#### [TASK ITEM]
Copy each line below exactly and leave the pictures out.

#### [PROVIDED MATERIAL]
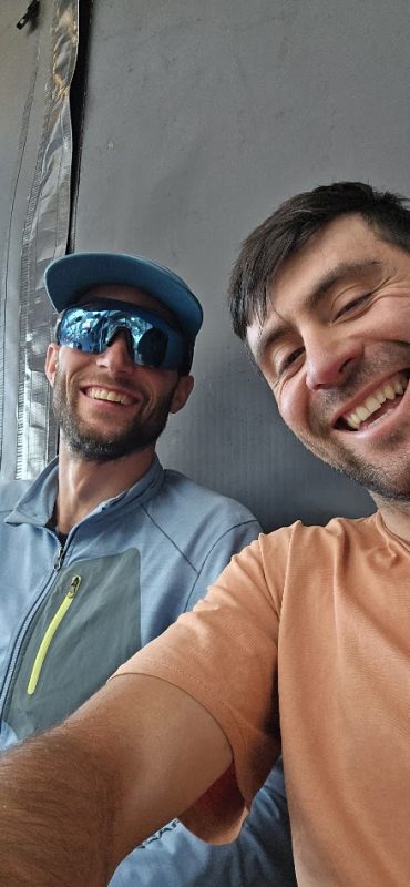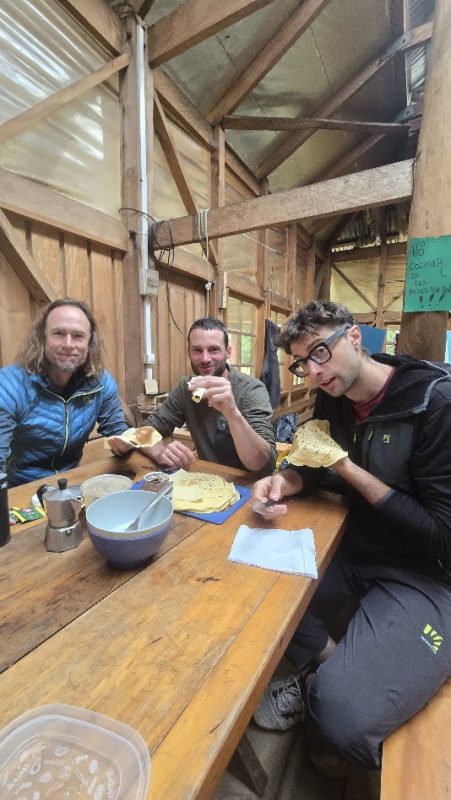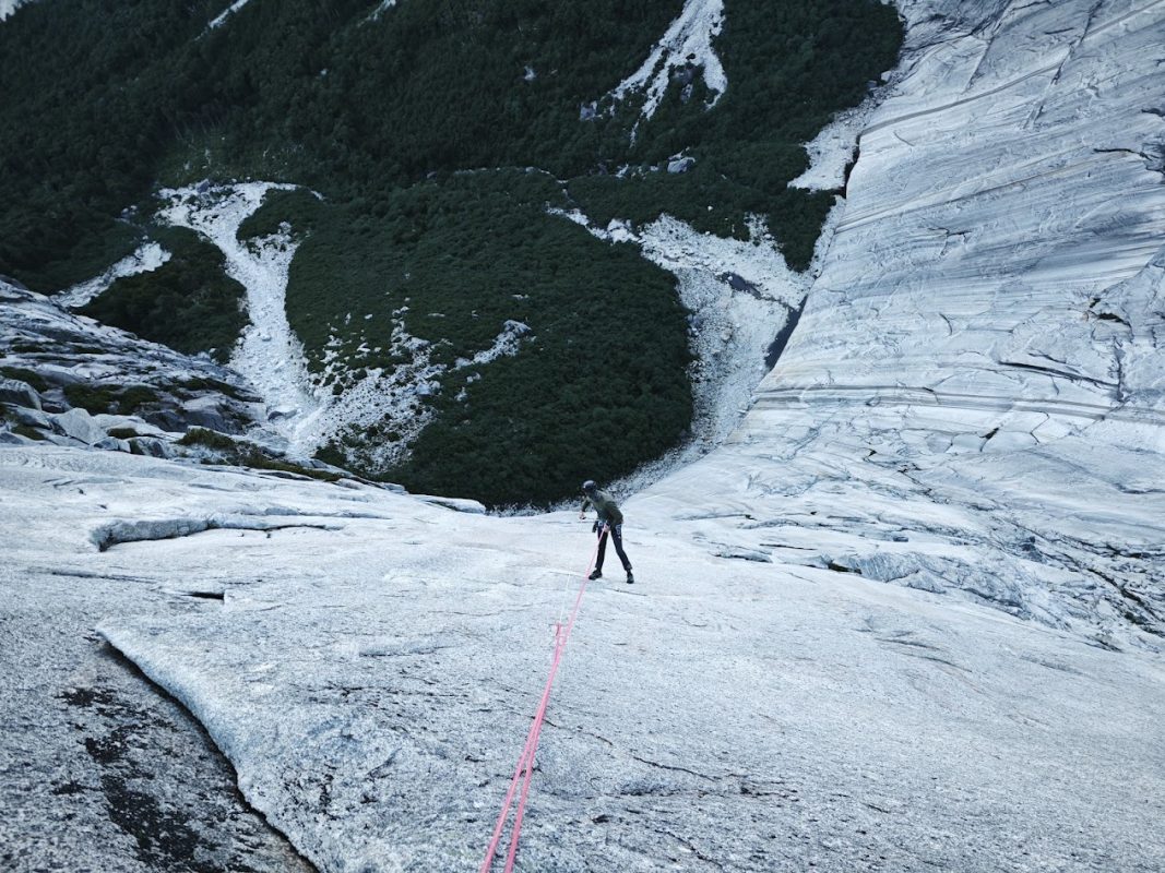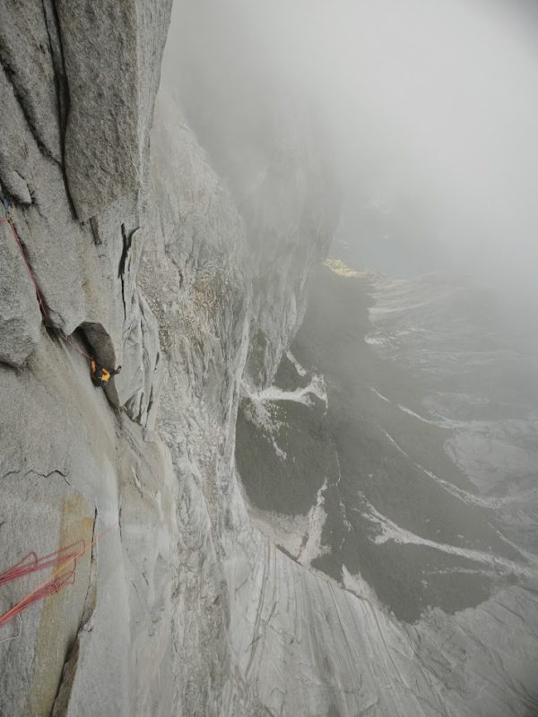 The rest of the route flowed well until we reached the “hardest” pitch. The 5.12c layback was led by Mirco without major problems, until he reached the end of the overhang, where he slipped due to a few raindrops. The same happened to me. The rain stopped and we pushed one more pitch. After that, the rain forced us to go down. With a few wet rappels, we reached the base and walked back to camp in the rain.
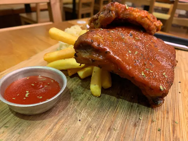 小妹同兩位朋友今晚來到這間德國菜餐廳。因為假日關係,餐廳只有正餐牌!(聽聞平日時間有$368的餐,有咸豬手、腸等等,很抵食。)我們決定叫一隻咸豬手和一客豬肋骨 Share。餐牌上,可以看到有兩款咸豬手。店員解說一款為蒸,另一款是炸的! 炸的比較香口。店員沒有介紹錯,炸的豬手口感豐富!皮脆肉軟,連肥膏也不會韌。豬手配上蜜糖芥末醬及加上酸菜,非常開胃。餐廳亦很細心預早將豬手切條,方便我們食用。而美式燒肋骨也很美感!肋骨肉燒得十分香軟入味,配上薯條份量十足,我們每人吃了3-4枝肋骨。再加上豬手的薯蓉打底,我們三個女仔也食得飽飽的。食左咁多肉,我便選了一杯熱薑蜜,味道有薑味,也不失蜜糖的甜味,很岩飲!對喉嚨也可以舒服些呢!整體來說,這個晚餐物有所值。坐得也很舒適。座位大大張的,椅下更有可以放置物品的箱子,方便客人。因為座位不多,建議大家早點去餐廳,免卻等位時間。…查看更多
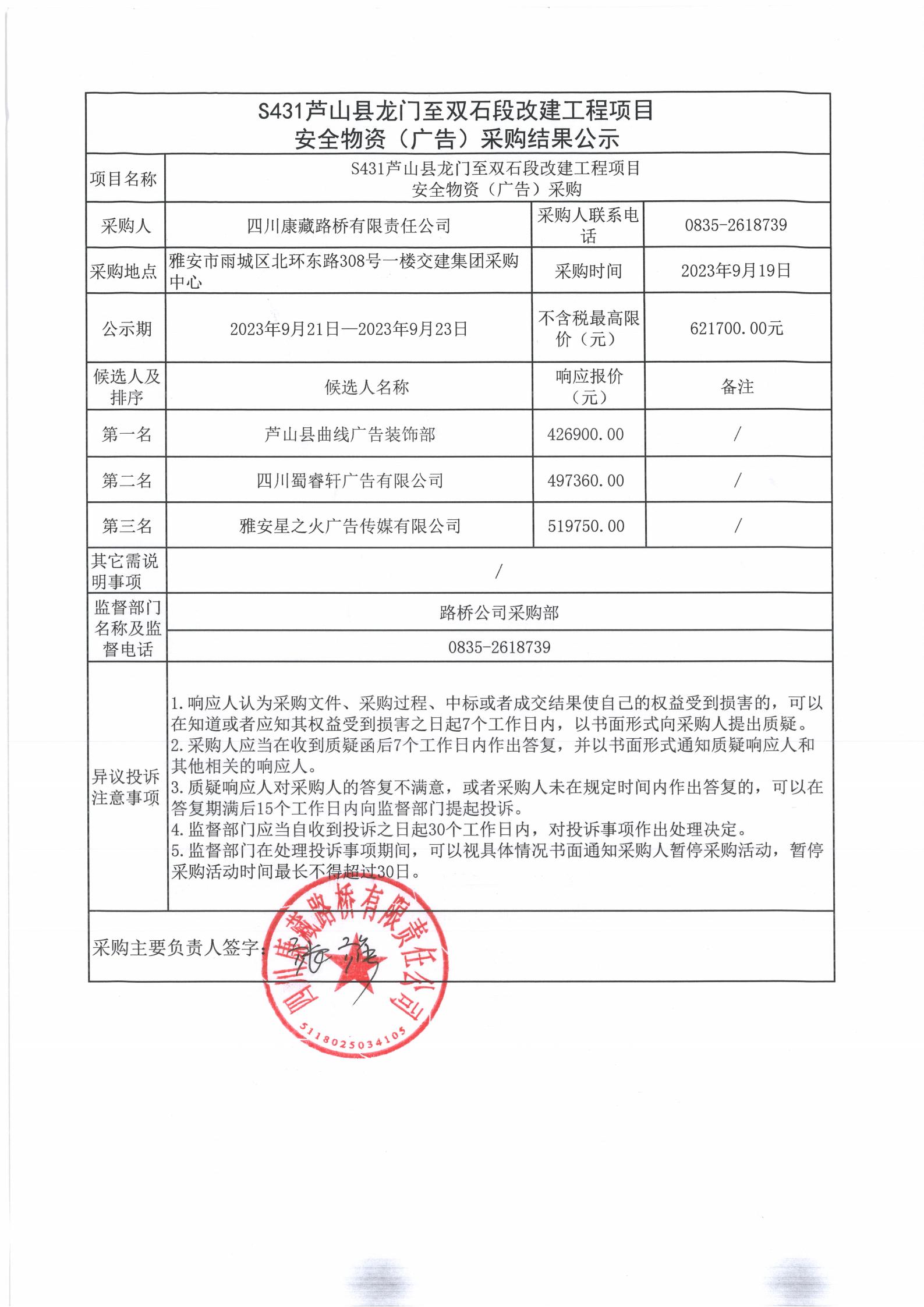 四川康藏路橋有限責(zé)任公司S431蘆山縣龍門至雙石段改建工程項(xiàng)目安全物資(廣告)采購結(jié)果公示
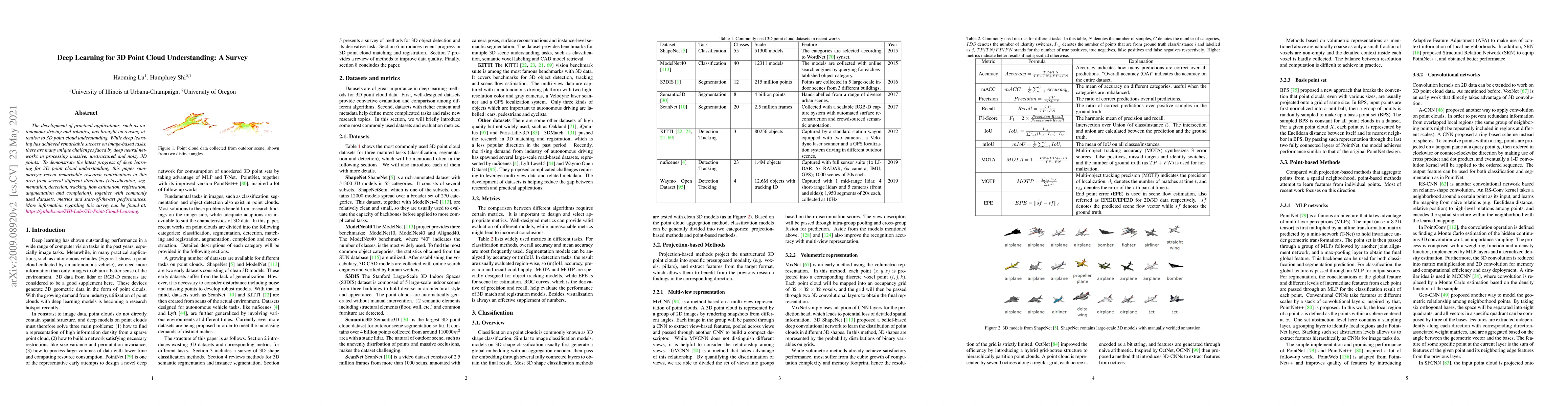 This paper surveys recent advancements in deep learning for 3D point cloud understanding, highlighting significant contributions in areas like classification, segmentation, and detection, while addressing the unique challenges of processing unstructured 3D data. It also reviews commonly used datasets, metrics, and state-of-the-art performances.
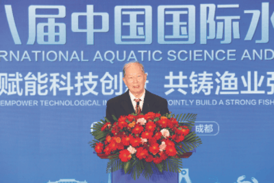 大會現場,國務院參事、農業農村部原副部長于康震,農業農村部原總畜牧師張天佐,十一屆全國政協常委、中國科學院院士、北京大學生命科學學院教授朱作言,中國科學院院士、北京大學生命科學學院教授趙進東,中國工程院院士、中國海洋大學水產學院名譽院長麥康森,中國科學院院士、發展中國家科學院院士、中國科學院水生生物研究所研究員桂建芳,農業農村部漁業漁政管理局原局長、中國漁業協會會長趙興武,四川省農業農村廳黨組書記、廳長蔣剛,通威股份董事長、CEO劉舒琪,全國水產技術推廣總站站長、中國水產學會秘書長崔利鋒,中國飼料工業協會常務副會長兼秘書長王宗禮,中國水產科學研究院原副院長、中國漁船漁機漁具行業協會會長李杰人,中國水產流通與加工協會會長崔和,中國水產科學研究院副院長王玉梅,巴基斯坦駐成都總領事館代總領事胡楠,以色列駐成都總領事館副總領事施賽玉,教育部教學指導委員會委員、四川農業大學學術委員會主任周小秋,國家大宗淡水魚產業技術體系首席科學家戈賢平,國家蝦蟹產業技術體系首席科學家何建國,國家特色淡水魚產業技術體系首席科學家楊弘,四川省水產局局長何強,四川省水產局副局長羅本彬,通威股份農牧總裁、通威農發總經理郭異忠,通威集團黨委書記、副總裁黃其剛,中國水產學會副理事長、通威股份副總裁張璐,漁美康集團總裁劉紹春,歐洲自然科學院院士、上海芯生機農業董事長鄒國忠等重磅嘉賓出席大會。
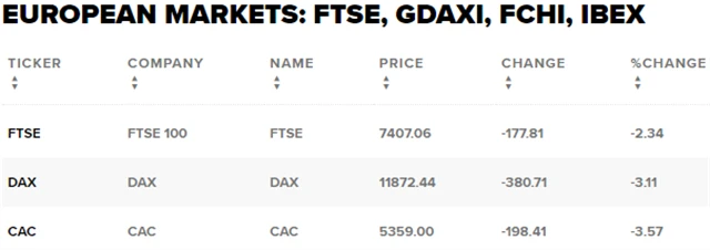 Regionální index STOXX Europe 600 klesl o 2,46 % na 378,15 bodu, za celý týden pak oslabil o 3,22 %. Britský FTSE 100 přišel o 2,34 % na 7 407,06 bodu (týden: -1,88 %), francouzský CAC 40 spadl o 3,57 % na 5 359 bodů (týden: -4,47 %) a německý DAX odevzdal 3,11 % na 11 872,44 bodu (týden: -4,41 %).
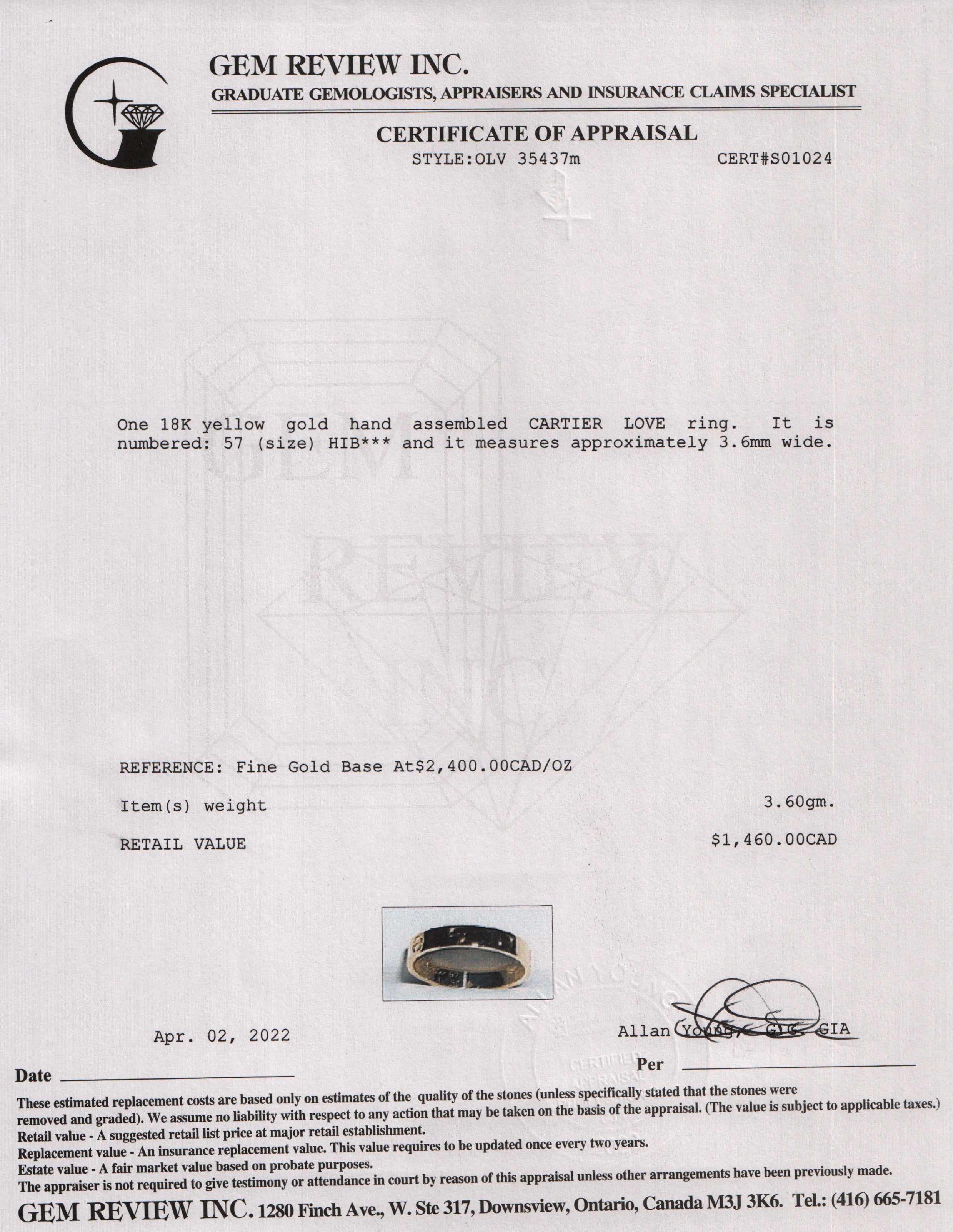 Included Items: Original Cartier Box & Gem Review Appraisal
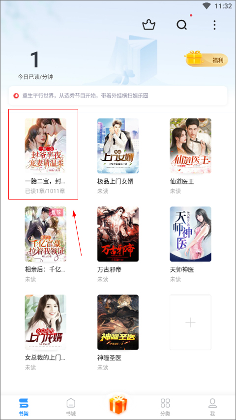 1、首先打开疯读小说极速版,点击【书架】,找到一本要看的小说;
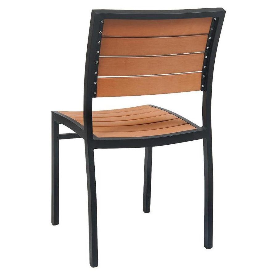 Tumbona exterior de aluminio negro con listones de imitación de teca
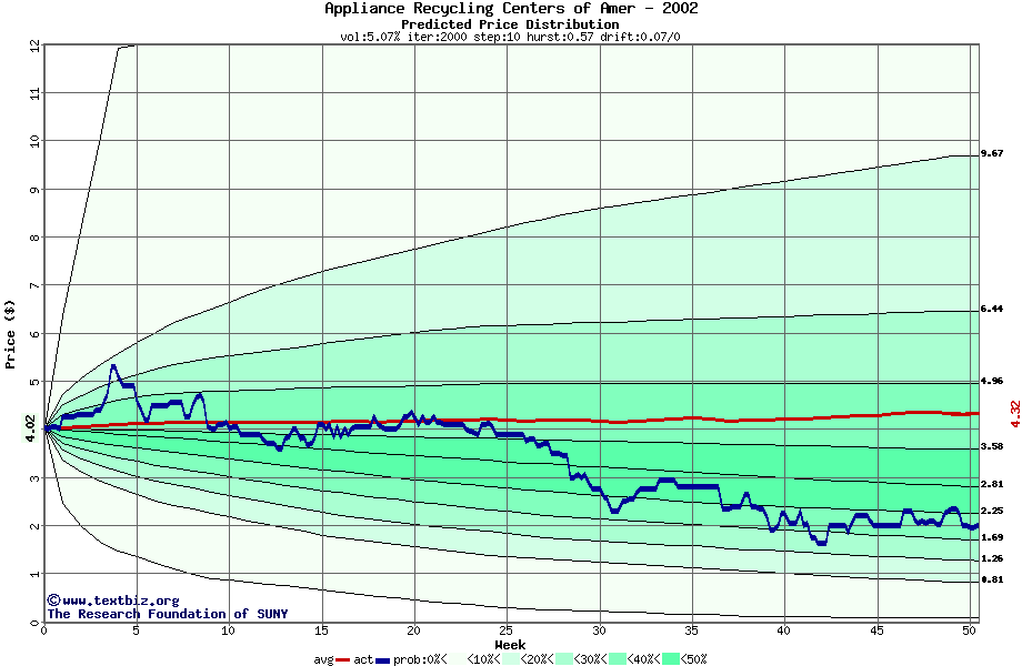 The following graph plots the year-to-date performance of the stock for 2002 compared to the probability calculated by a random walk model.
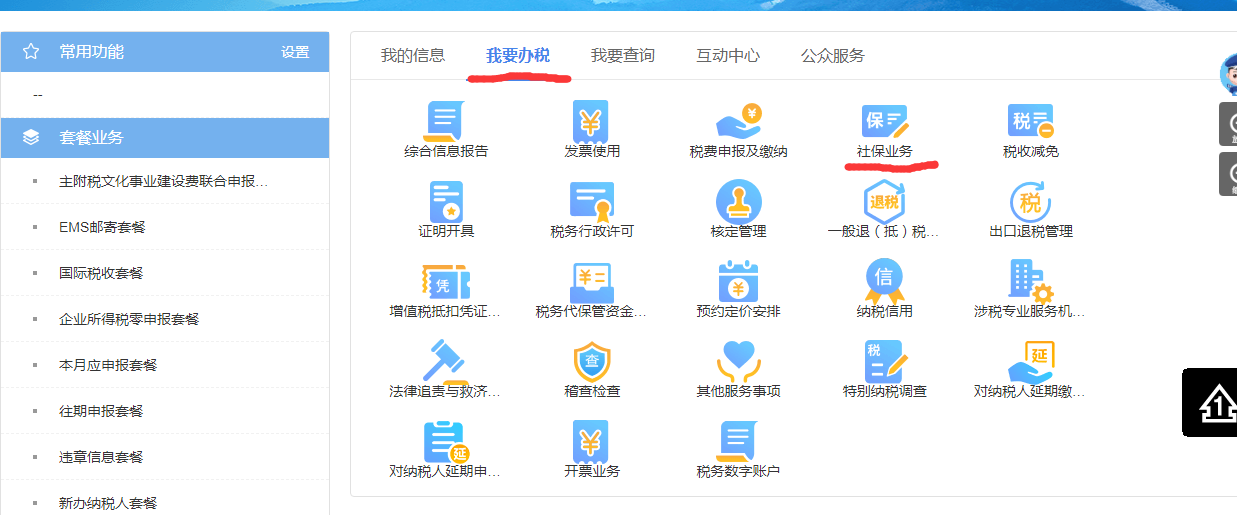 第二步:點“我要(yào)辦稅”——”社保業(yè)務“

#### [SOLUTION BELOW]
 The rest of the route flowed well until we reached the “hardest” pitch. The 5.12c layback was led by Mirco without major problems, until he reached the end of the overhang, where he slipped due to a few raindrops. The same happened to me. The rain stopped and we pushed one more pitch. After that, the rain forced us to go down. With a few wet rappels, we reached the base and walked back to camp in the rain.
 小妹同兩位朋友今晚來到這間德國菜餐廳。因為假日關係,餐廳只有正餐牌!(聽聞平日時間有$368的餐,有咸豬手、腸等等,很抵食。)我們決定叫一隻咸豬手和一客豬肋骨 Share。餐牌上,可以看到有兩款咸豬手。店員解說一款為蒸,另一款是炸的! 炸的比較香口。店員沒有介紹錯,炸的豬手口感豐富!皮脆肉軟,連肥膏也不會韌。豬手配上蜜糖芥末醬及加上酸菜,非常開胃。餐廳亦很細心預早將豬手切條,方便我們食用。而美式燒肋骨也很美感!肋骨肉燒得十分香軟入味,配上薯條份量十足,我們每人吃了3-4枝肋骨。再加上豬手的薯蓉打底,我們三個女仔也食得飽飽的。食左咁多肉,我便選了一杯熱薑蜜,味道有薑味,也不失蜜糖的甜味,很岩飲!對喉嚨也可以舒服些呢!整體來說,這個晚餐物有所值。坐得也很舒適。座位大大張的,椅下更有可以放置物品的箱子,方便客人。因為座位不多,建議大家早點去餐廳,免卻等位時間。…查看更多
 四川康藏路橋有限責(zé)任公司S431蘆山縣龍門至雙石段改建工程項(xiàng)目安全物資(廣告)采購結(jié)果公示
 This paper surveys recent advancements in deep learning for 3D point cloud understanding, highlighting significant contributions in areas like classification, segmentation, and detection, while addressing the unique challenges of processing unstructured 3D data. It also reviews commonly used datasets, metrics, and state-of-the-art performances.
 大會現場,國務院參事、農業農村部原副部長于康震,農業農村部原總畜牧師張天佐,十一屆全國政協常委、中國科學院院士、北京大學生命科學學院教授朱作言,中國科學院院士、北京大學生命科學學院教授趙進東,中國工程院院士、中國海洋大學水產學院名譽院長麥康森,中國科學院院士、發展中國家科學院院士、中國科學院水生生物研究所研究員桂建芳,農業農村部漁業漁政管理局原局長、中國漁業協會會長趙興武,四川省農業農村廳黨組書記、廳長蔣剛,通威股份董事長、CEO劉舒琪,全國水產技術推廣總站站長、中國水產學會秘書長崔利鋒,中國飼料工業協會常務副會長兼秘書長王宗禮,中國水產科學研究院原副院長、中國漁船漁機漁具行業協會會長李杰人,中國水產流通與加工協會會長崔和,中國水產科學研究院副院長王玉梅,巴基斯坦駐成都總領事館代總領事胡楠,以色列駐成都總領事館副總領事施賽玉,教育部教學指導委員會委員、四川農業大學學術委員會主任周小秋,國家大宗淡水魚產業技術體系首席科學家戈賢平,國家蝦蟹產業技術體系首席科學家何建國,國家特色淡水魚產業技術體系首席科學家楊弘,四川省水產局局長何強,四川省水產局副局長羅本彬,通威股份農牧總裁、通威農發總經理郭異忠,通威集團黨委書記、副總裁黃其剛,中國水產學會副理事長、通威股份副總裁張璐,漁美康集團總裁劉紹春,歐洲自然科學院院士、上海芯生機農業董事長鄒國忠等重磅嘉賓出席大會。
 Regionální index STOXX Europe 600 klesl o 2,46 % na 378,15 bodu, za celý týden pak oslabil o 3,22 %. Britský FTSE 100 přišel o 2,34 % na 7 407,06 bodu (týden: -1,88 %), francouzský CAC 40 spadl o 3,57 % na 5 359 bodů (týden: -4,47 %) a německý DAX odevzdal 3,11 % na 11 872,44 bodu (týden: -4,41 %).
 Included Items: Original Cartier Box & Gem Review Appraisal
 1、首先打开疯读小说极速版,点击【书架】,找到一本要看的小说;
 Tumbona exterior de aluminio negro con listones de imitación de teca
 The following graph plots the year-to-date performance of the stock for 2002 compared to the probability calculated by a random walk model.
 第二步:點“我要(yào)辦稅”——”社保業(yè)務“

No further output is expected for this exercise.